"Incredibly strong" U.S. table grape market expected during SH supply transition
Last year's table grape export season may have been one for to forget for many Chileans doing business in the U.S., but anticipated supply dynamics from California and South America are setting the stage for strong market conditions over the coming months.
At Fresh Fruit Portal we spoke to two major North American distributors and importers to hear their thoughts on what can be expected from the supply transition from U.S. to Peru and Chile.
"I see the transition as being the exact polar opposite of last season," Capespan North America CEO Mark Greenberg said.
"California is probably going to be making an earlier exit than previously anticipated, and certainly an earlier exit from the market than it did last year.
"So we're going to see more opportunities from imported table grapes earlier in the year."
However, he noted that growers in northern Peru - one of the first counter-seasonal supplying regions to enter the U.S. market - were set for a much lighter crop due to heavy rains and flooding earlier in the year.
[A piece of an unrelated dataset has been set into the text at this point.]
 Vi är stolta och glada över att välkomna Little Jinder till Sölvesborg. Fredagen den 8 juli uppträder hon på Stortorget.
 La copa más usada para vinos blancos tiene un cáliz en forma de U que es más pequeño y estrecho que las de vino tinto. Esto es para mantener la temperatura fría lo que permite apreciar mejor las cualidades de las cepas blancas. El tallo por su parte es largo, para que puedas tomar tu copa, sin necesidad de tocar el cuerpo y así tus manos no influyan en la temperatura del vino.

A cooler spring in Chile than last year will also result in volumes from the northern Atacama region arriving later than last season, he said.
"We’re going to see what I hope will be a well-paced market and well-paced arrivals," he said.
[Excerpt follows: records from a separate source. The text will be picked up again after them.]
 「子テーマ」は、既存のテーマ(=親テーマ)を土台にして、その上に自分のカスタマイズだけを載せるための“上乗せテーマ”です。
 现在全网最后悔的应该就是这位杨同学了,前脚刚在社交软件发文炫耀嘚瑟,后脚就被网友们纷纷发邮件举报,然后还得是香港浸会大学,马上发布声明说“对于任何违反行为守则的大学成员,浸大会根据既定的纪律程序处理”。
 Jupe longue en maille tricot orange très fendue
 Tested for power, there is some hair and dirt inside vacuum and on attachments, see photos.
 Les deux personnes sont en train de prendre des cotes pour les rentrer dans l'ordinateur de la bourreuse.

"We’re not expecting there to be a glut of fruit at any moment of time from different origins. We're hoping that everyone will have their weeks in the market and that we’ll see orderly arrivals and pricing."
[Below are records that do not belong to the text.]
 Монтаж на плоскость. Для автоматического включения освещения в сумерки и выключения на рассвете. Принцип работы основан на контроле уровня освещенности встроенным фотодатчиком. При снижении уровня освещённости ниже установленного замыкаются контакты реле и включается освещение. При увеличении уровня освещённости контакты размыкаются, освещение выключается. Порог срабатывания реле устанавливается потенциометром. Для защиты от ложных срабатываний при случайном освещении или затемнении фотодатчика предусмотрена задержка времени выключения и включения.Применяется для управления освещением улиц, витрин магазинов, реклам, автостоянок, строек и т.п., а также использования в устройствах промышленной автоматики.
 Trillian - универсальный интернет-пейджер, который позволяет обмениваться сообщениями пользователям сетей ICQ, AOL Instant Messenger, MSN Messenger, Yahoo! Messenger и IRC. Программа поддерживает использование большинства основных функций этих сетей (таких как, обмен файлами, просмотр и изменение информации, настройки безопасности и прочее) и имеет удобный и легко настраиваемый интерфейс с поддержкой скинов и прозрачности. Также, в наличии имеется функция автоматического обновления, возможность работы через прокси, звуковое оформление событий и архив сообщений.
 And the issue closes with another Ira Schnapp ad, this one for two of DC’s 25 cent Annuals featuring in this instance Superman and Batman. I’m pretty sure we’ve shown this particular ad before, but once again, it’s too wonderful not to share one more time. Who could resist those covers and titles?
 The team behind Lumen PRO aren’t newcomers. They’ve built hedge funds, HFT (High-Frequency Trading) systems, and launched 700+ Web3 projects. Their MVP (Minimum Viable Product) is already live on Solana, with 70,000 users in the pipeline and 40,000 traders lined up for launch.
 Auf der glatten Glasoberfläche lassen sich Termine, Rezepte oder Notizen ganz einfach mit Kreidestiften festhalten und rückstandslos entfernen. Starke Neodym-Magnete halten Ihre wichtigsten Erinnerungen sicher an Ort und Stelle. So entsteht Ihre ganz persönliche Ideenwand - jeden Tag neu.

General expectations are also for high-quality fruit from both South American countries, he added.
Greenberg explained California would likely finish up its season earlier than last year largely as a result of excessively hot summer temperatures along with some unseasonal rain in August.
These weather factors inflicted stress on the fruit and mean many growers and suppliers may not be able to store their fruit for as long as in previous years, he said.
Northern Chilean exports face possible decline
Meanwhile, the head of New York-based Direct Source Marketing expects lower exports from northern Chile this year.
"If you go all the way back to this past January, growers in the northern region of Chile were really affected by poor market results here in the United States," company owner Ira Greenstein said.
"The market results were so poor that many of the growers are actually contemplating not sending similar volumes to the U.S. this year."
In addition, he said berry sizing from northern Chile was often smaller than what most U.S. retailers were looking for.
"That’s also where growers in the north of Chile were really hurt last year. There was too much volume of small fruit in the market and no support from U.S. retailers to take that small fruit.
"So you’re going to have a combination of less fruit coming because of last year’s market, as well as less fruit coming because U.S. importers will not be taking in that small fruit this year."
Greenstein recently visited some of Peru's northern growing regions including Piura, and explained there was "tremendous crop failure and loss of production" due to the flooding.
"Those growers were not able to really manage what they needed to do from an agronomy protocol to prepare for this season, and the effect of that is substantially less set in these vineyards," he said.
"When you talk specific major growers in those northern areas of Peru, there were expectations three or four months ago that they would be down 30-40% - our indication says that it’s now going to be closer to 50-60%."
He expected volumes of seedless grapes to be slightly more affected than Red Globes - the predominant variety in the country.
Carlos Zamorano, who heads up Peru's table grape grower body Provid, earlier this month estimated that total volumes from the country would be 30% down year-on-year.
"Up until now that northern region of Peru has really built significant momentum. It's been sending increased volumes of seedless grape varieties into the U.S. market, in late November, December and all the way through January, and we are going to see substantially less volume this year," Greenstein said.
It could be another year or two before growers can fully recover, he added.
The representative also said California's season would end up shorter than normal due to the hot summer temperatures, and questioned whether or not the industry would make it until the end of the year.
He said the situations in California, Peru and Chile meant there should be an "incredibly strong market" in December and especially in January before the larger volumes of central Chilean grapes arrive.
However, he emphasized this outcome was by no means guaranteed.
"Markets get set because of initial volumes, but markets flow based on retail support," he said.
"You could have substantially less volume, but if you scare your retailers into not promoting table grapes in December or January you can take a very short market and turn it into a very long market pretty quickly."
He said this situation may well occur if importers set their prices too high.
Table grape production is expected to be more normal from southern Peru and central Chile, with the latter having received a good amount of rainfall and snowfall over the winter period.